What is OpenAI's Public Benefit Corporation structure?
OpenAI completed its conversion from a capped-profit LLC to a Delaware Public Benefit Corporation (PBC) on October 28, 2025, as reported by Reuters and AP News. The PBC structure legally requires the board to balance shareholder interests with OpenAI's public benefit mission: the safe and beneficial development of artificial general intelligence. The PBC conversion also removes the structural barrier that had previously made OpenAI ineligible for consideration for inclusion in major institutional equity indices such as the S&P 500, Russell, and MSCI indices — though meeting index inclusion criteria also requires satisfying additional financial and float thresholds.
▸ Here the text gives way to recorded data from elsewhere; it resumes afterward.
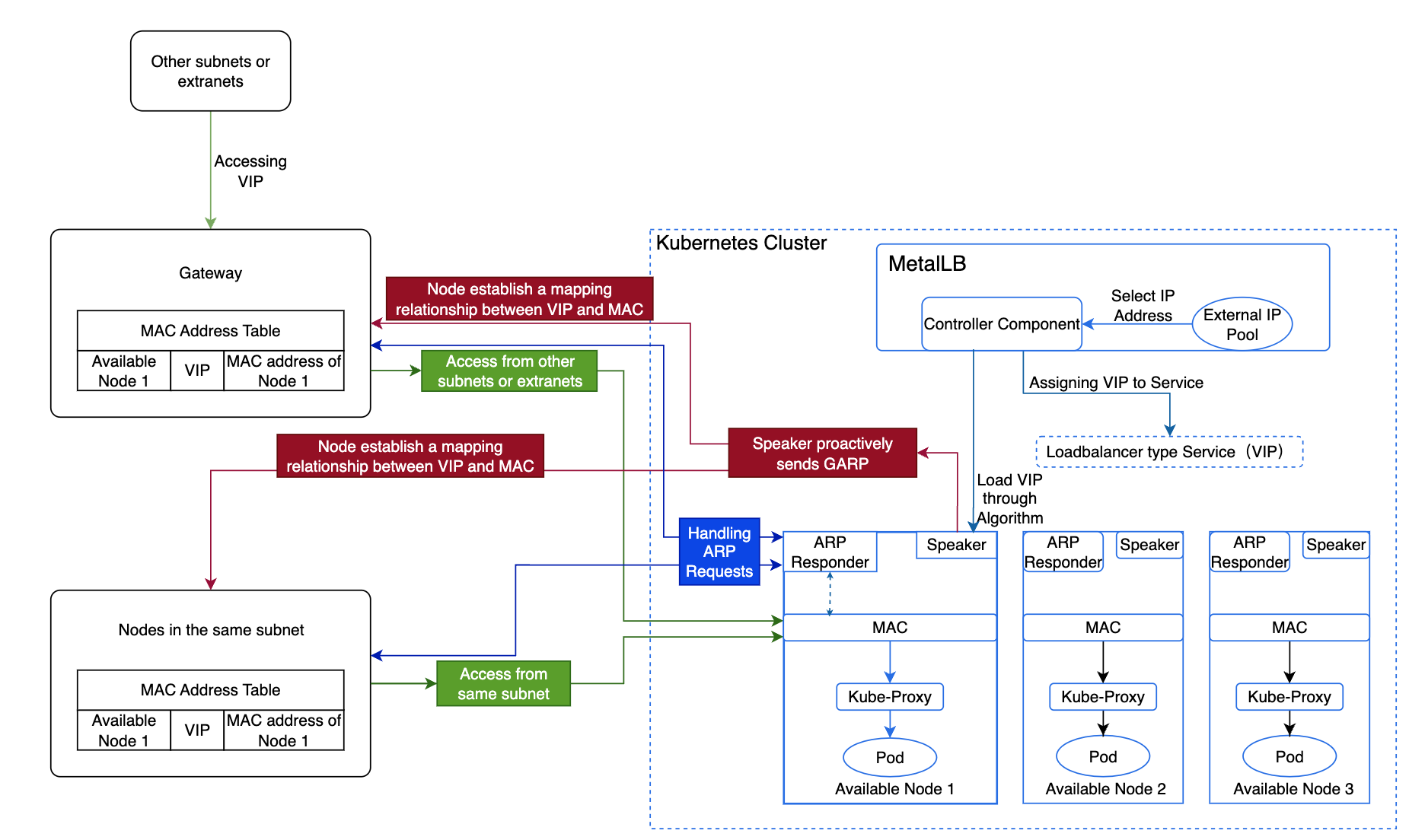 When this node encounters a failure, MetalLB selects another leader to host the VIP. Then send GARP to refresh Service IP mac address, thereby ensuring high availability.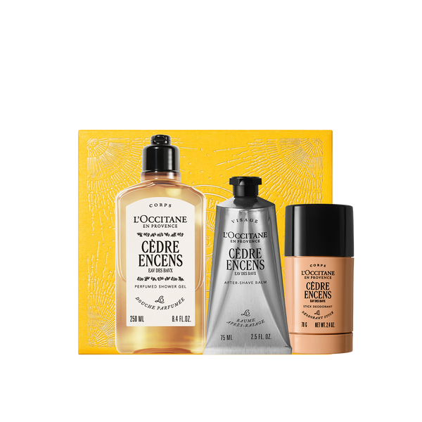 Cedre Encens produktu trio jaukā dāvanu komplektā viņam. Izmeklētās kolekcijas produkti būs izcila dāvana siltu, dūmakainu vaniļas aromātu mīļotājiem.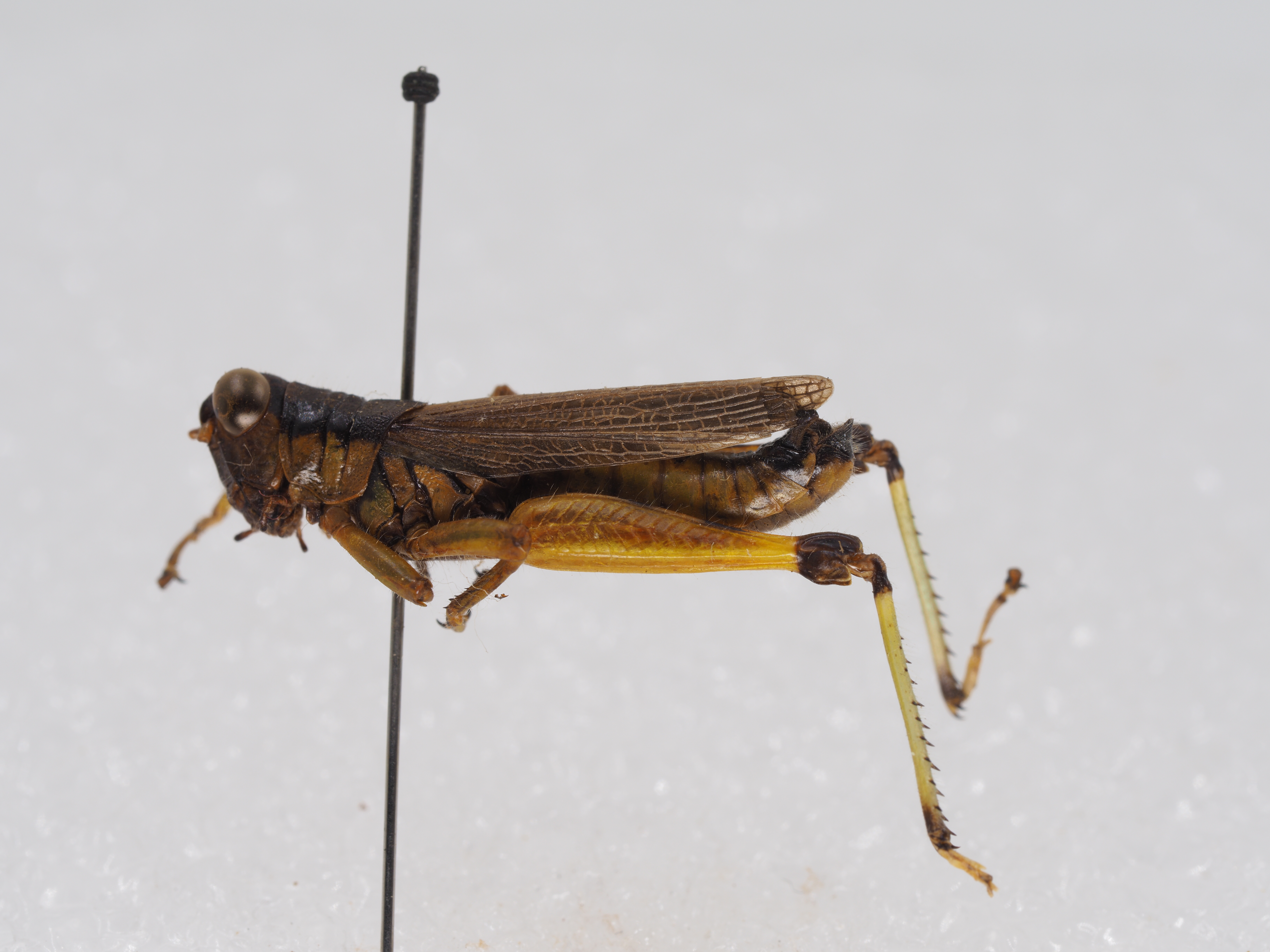 体色:黄褐色。自复眼之后方,向后延伸,沿前胸背板侧片之上缘,到达侧片之后缘,各具有一条较宽的纵行之黑色斑纹。前胸背板中隆线为黑色。前翅褐色,后翅褐色,后翅基部淡色,其后缘及端部染以淡烟色,翅脉黑色。后足股节上侧具有3个黑褐色横斑纹,其中近基部之一较小,膝部为黑褐色。股节外侧略带绿色,内侧及底侧为黄色。后足胫节基部为黑色,端部为烟色,端部底侧烟色斑纹较长,几达胫节长的1/3,其余为蓝绿色。腹端背侧为黑褐色。

OpenAI's full mission charter is available at openai.com/charter.
What are the key risks for investors in OpenAI and Anthropic IPOs?
The five primary risk categories are: (1) Compute cost trajectory — both companies operate at net losses due to GPU infrastructure costs that scale with usage, creating an inverted margin dynamic that differs materially from conventional software business models; (2) Hyperscaler concentration — Microsoft's $13 billion-plus investment and deep Azure integration with OpenAI, and Amazon's up to $33 billion total commitment plus Google's up to $40 billion announced commitment to Anthropic (per CNBC and Bloomberg respectively), create revenue-sharing structures and cloud dependencies not fully disclosed publicly; (3) Governance risk — both companies have mission-constraint structures (OpenAI's PBC obligations; Anthropic's Long-Term Benefit Trust oversight) that may limit shareholder value maximisation at key commercial inflection points; (4) Competitive displacement — open-source AI models from Meta, Mistral AI, and others pose ongoing pricing pressure on frontier API businesses; and (5) Regulatory and export control risk — the EU AI Act's enforcement powers, including fines, take effect in August 2026, and US export control frameworks may affect high-growth international revenue regions.